De irisbloem kreeg zijn algemene naam in het oude Griekenland. Totdat het zich echter over de hele wereld verspreidde, werd deze spectaculaire plant in verschillende landen anders genoemd - elk volk koos de naam op basis van hun associaties.
Dus het woord "iris" verscheen en werd toegewezen aan een bloem in het oude Griekenland. De prachtige plant is vernoemd naar de godin Iris, de boodschapper van de goden. Ze daalde van de hemel naar de aarde langs een regenboog om Gods wil aan de mensen te verkondigen. Daarom werd de regenboog het symbool van de boodschappergodin. En iris heeft, zoals je weet, een enorm aantal kleuropties - net als een regenboog! Er zijn ongeveer 800 soorten irissen in verschillende tinten, het komt zelfs voor dat meerdere verschillende kleuren op één irisbloem worden gecombineerd, wat het nog spectaculairder maakt.
Dus het woord "iris" in het oude Grieks begon een regenboog en een bloem te betekenen. Dit idee met een naam voor een bloem is van Hippocrates, een Griekse arts. Veel later stelde Karl Linnaeus een uniform systeem van wetenschappelijke namen voor planten voor. En in dit systeem voor de iris behield hij zijn oude naam. Dus het werd bekend bij alle botanici van de wereld en verspreidde zich vervolgens buiten de wetenschappelijke wereld en wortelde in de alledaagse taal.
In Rusland werd deze naam pas in de tweede helft van de 19e eeuw bekend, en tot nu toe noemden de Russen de iris "iris" (vanwege de gelijkenis van de bladeren met een zeis).
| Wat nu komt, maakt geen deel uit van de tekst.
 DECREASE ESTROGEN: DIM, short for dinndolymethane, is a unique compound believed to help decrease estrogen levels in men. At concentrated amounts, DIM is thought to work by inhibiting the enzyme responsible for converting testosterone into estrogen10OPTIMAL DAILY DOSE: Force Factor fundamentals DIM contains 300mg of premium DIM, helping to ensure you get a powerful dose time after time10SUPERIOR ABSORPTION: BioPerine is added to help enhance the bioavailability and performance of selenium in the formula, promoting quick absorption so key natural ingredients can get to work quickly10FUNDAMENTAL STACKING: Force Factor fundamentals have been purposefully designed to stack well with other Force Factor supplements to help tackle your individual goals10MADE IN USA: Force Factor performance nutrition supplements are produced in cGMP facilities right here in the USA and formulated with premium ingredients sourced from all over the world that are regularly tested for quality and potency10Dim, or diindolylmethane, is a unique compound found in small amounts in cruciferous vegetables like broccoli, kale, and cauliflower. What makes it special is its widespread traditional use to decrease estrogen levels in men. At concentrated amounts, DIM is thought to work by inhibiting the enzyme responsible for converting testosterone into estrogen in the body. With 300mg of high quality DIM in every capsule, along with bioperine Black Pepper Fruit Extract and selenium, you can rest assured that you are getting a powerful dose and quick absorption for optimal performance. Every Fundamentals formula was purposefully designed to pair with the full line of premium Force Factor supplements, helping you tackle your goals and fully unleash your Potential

De Oekraïners noemden de iris "haan" ("pivnik"), blijkbaar vanwege de gelijkenis van de bloembladen met de veren in de staart van de spreidende haan. Bulgaren, Serviërs en Kroaten noemen de iris tot op de dag van vandaag "Perunik" - ter ere van de Slavische god Perun de Donderaar - of "goden" ("Gods bloem"). Bovendien hadden de Slaven veel volksvarianten van de naam van de iris: de gans met de witte voorkant, de orka, het struikgewas, de staartjes, de karper, de flatbread, de chikan, de belletjes, de chistyak, de wolf (of de haas of de beer) komkommer, ekster bloemen, aardbei.
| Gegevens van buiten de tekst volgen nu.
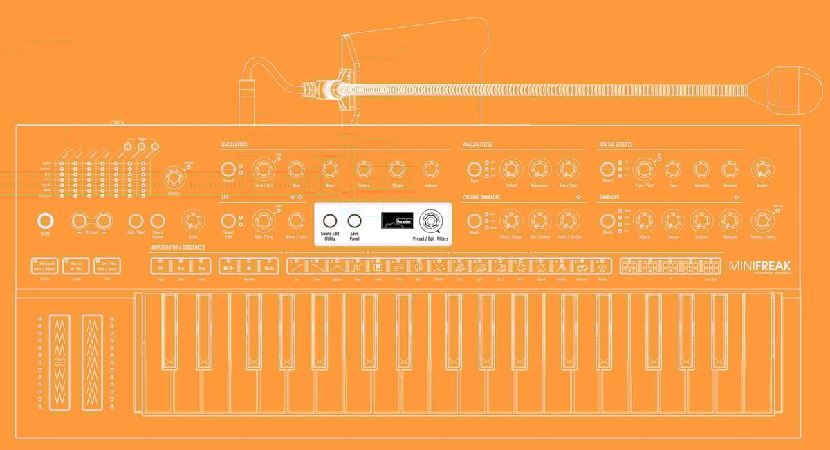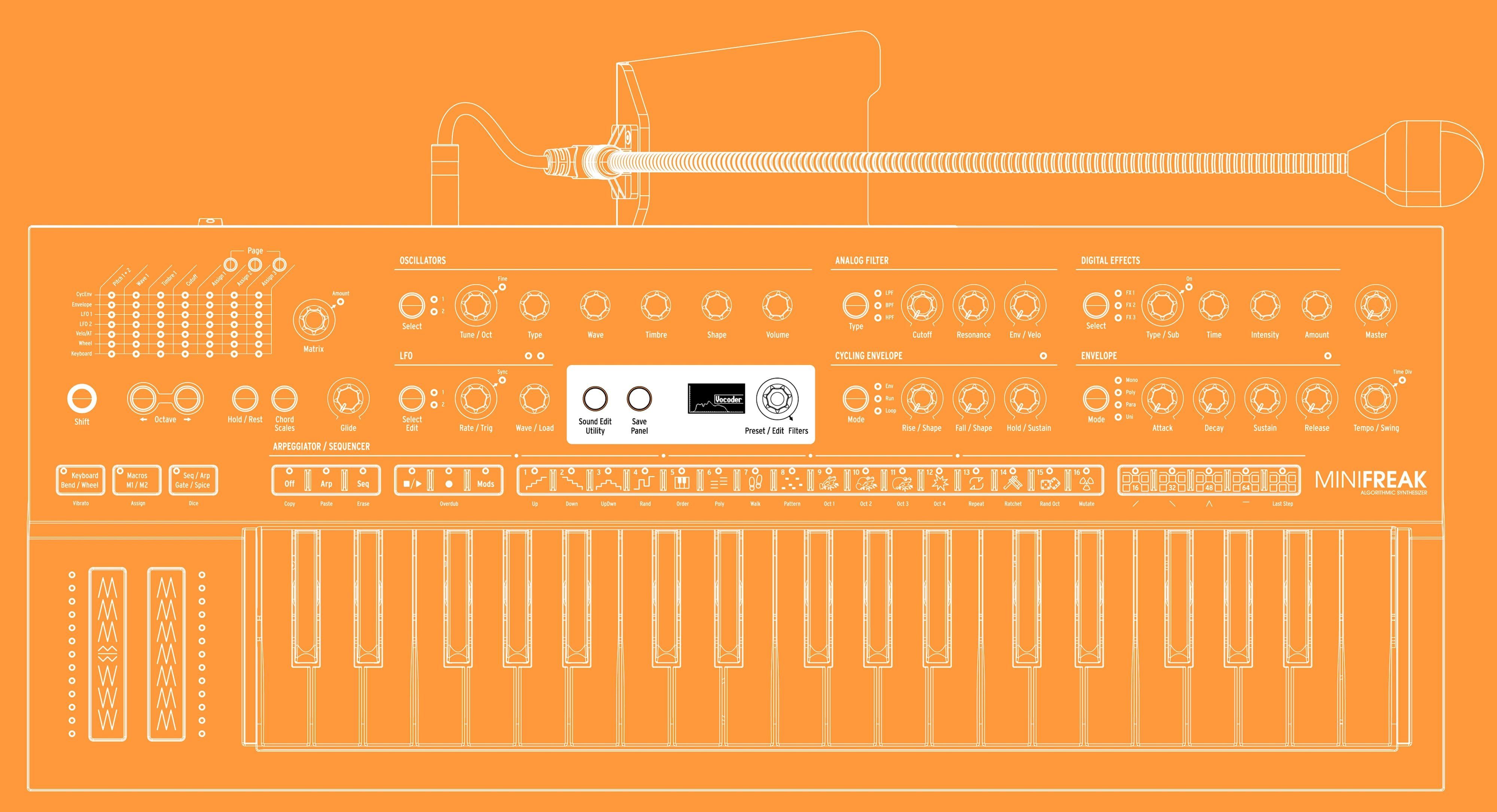 MiniFreak Vocoder is a special edition of the fearless polyphonic hybrid synth. The same dual digital engines, analog filters, modulation and sequencing power, now with a vocoder and gooseneck mic. Get creative with vocal or external input - from talkbox growls to spectral drones.

In Japan worden het woord "iris" en de woorden "strijdersgeest" aangeduid met dezelfde hiëroglief. Daarom bereiden de Japanners op Jongensdag mascottes "Mei-parels" van irisbloemen - het is ontworpen om jongens te helpen dapper te worden. De scherpe bladeren van de bloem lijken immers zo op zwaarden.
In de wereld van de schilderkunst heeft een metafoor wortel geschoten, die de iris "een lelie met een zwaard" noemt, een combinatie van delicate bloembladen met scherpe bladeren. Hij werd een symbool van het verdriet van de Maagd Maria voor Christus en vergezelt haar vaak in de schilderijen van Vlaamse kunstenaars.
Een andere associatie ontstaat - met een snoepje genaamd "iris", dat ons van kinds af aan bekend is met toffee. Waar komt deze klank vandaan? Er wordt aangenomen dat het het idee is van een Franse banketbakker genaamd Morne. Aan het begin van de 20e eeuw werkte hij in St. Petersburg aan deze melksnoepjes en merkte op dat hun reliëf vergelijkbaar was met irisbloemblaadjes.